↓

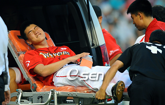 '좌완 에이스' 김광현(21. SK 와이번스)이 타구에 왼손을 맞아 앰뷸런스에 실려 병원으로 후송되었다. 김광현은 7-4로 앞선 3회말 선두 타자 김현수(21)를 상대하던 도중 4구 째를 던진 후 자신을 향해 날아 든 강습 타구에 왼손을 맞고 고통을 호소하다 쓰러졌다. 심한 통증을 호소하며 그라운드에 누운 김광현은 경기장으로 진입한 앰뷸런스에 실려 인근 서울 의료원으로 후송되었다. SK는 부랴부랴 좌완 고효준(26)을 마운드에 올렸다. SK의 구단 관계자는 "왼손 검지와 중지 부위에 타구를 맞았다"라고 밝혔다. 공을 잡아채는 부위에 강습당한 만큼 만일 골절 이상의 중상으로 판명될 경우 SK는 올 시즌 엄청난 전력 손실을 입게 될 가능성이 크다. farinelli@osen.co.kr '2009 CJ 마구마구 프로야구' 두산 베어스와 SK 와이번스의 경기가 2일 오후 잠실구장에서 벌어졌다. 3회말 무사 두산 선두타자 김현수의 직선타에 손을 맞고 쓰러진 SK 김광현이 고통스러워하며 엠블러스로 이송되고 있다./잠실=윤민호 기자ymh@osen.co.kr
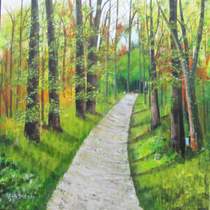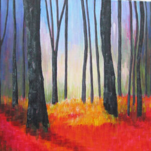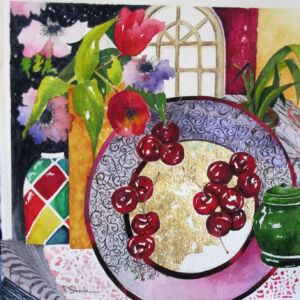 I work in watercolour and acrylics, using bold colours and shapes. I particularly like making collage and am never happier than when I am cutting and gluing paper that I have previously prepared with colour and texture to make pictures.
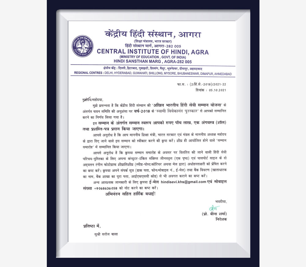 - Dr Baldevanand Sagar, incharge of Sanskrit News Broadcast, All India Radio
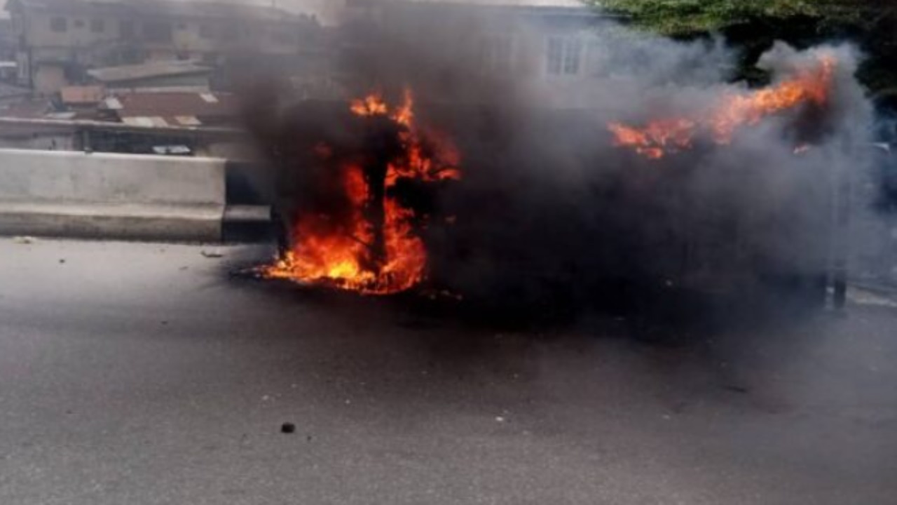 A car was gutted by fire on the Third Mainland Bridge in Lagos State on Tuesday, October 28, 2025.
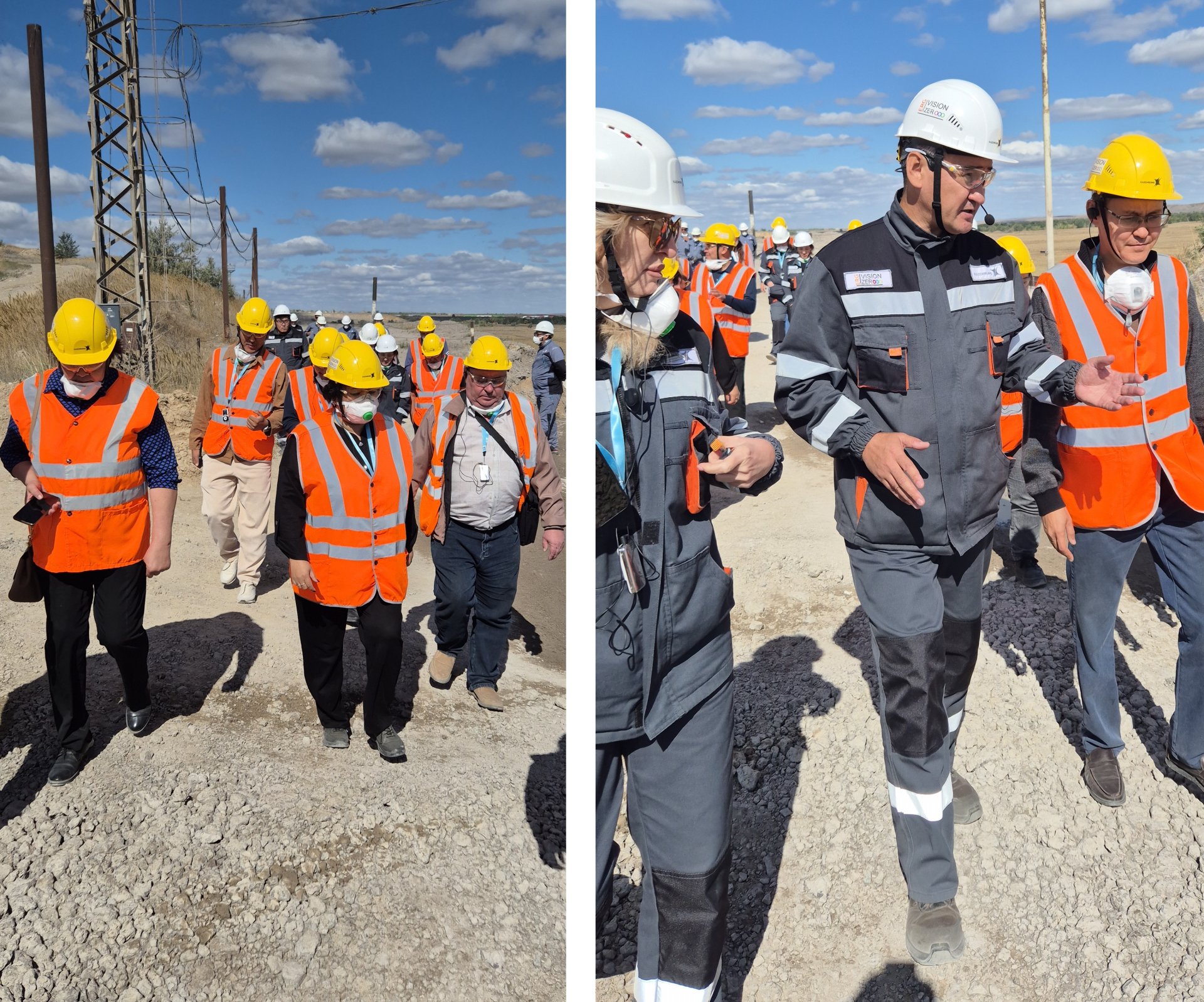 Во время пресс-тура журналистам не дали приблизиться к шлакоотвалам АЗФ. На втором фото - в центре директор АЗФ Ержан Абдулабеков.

↑

- TO DO
Of the entries above, print exactly those lines that run from the one containing "A car was gutted" through the last line, excluding any pictures.

- SOLUTION
 A car was gutted by fire on the Third Mainland Bridge in Lagos State on Tuesday, October 28, 2025.
 Во время пресс-тура журналистам не дали приблизиться к шлакоотвалам АЗФ. На втором фото - в центре директор АЗФ Ержан Абдулабеков.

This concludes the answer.